[Start of Attachment]

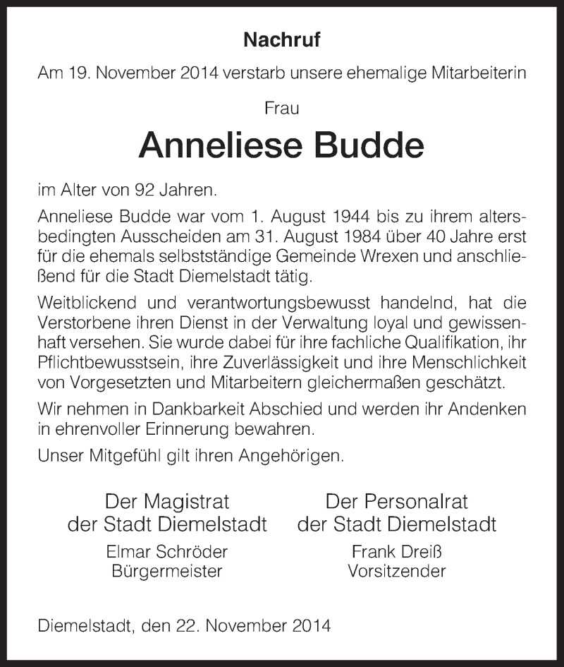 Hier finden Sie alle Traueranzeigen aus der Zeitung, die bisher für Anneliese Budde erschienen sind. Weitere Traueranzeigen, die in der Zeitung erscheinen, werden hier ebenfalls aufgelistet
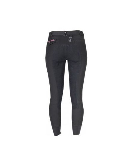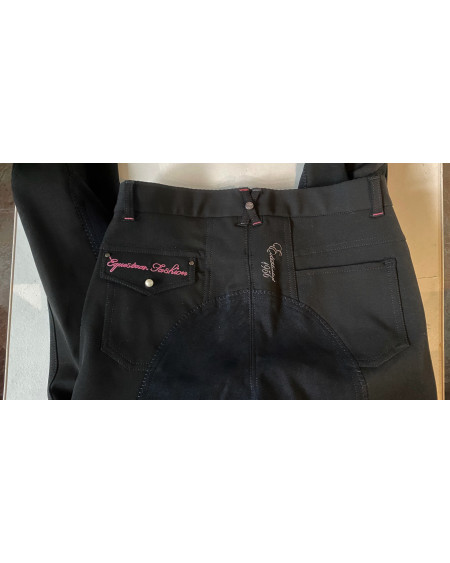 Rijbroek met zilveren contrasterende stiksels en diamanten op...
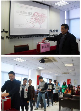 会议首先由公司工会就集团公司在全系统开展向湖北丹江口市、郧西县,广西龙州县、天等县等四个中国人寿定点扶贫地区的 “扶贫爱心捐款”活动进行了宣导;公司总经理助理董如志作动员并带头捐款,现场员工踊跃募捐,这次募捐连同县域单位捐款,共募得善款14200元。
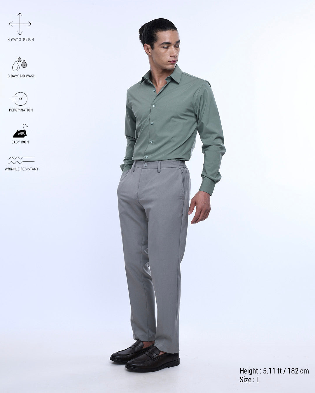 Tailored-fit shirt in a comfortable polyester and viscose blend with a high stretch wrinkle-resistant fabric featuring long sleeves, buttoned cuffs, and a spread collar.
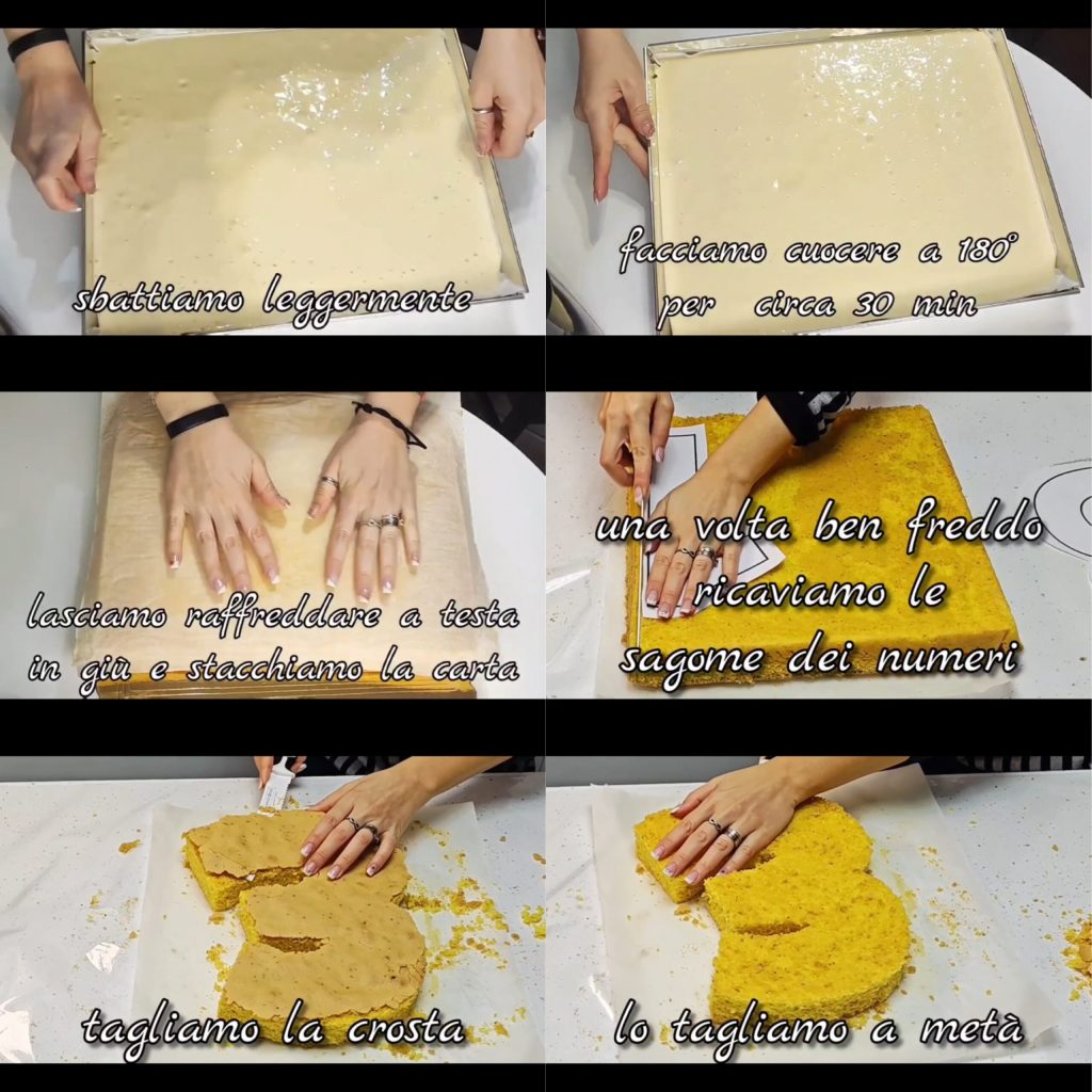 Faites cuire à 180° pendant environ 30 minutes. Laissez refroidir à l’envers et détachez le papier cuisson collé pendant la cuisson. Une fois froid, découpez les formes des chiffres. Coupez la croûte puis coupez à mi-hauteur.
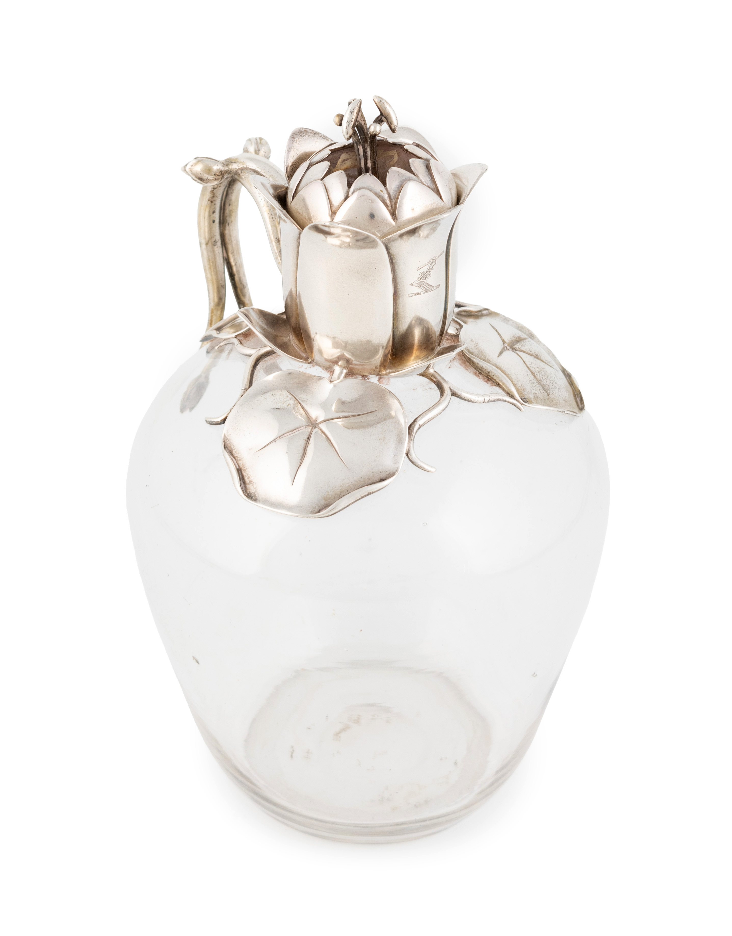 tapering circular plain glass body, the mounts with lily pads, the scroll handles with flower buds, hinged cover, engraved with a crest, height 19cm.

[End of Attachment]

> EXERCISE REQUIREMENTS
Which lines run from the one holding "Tailored-fit shirt in" through the end of the records? Reproduce them word for word, both ends included, with no pictures.

> SOLUTION TO THE PROBLEM
 Tailored-fit shirt in a comfortable polyester and viscose blend with a high stretch wrinkle-resistant fabric featuring long sleeves, buttoned cuffs, and a spread collar.
 Faites cuire à 180° pendant environ 30 minutes. Laissez refroidir à l’envers et détachez le papier cuisson collé pendant la cuisson. Une fois froid, découpez les formes des chiffres. Coupez la croûte puis coupez à mi-hauteur.
 tapering circular plain glass body, the mounts with lily pads, the scroll handles with flower buds, hinged cover, engraved with a crest, height 19cm.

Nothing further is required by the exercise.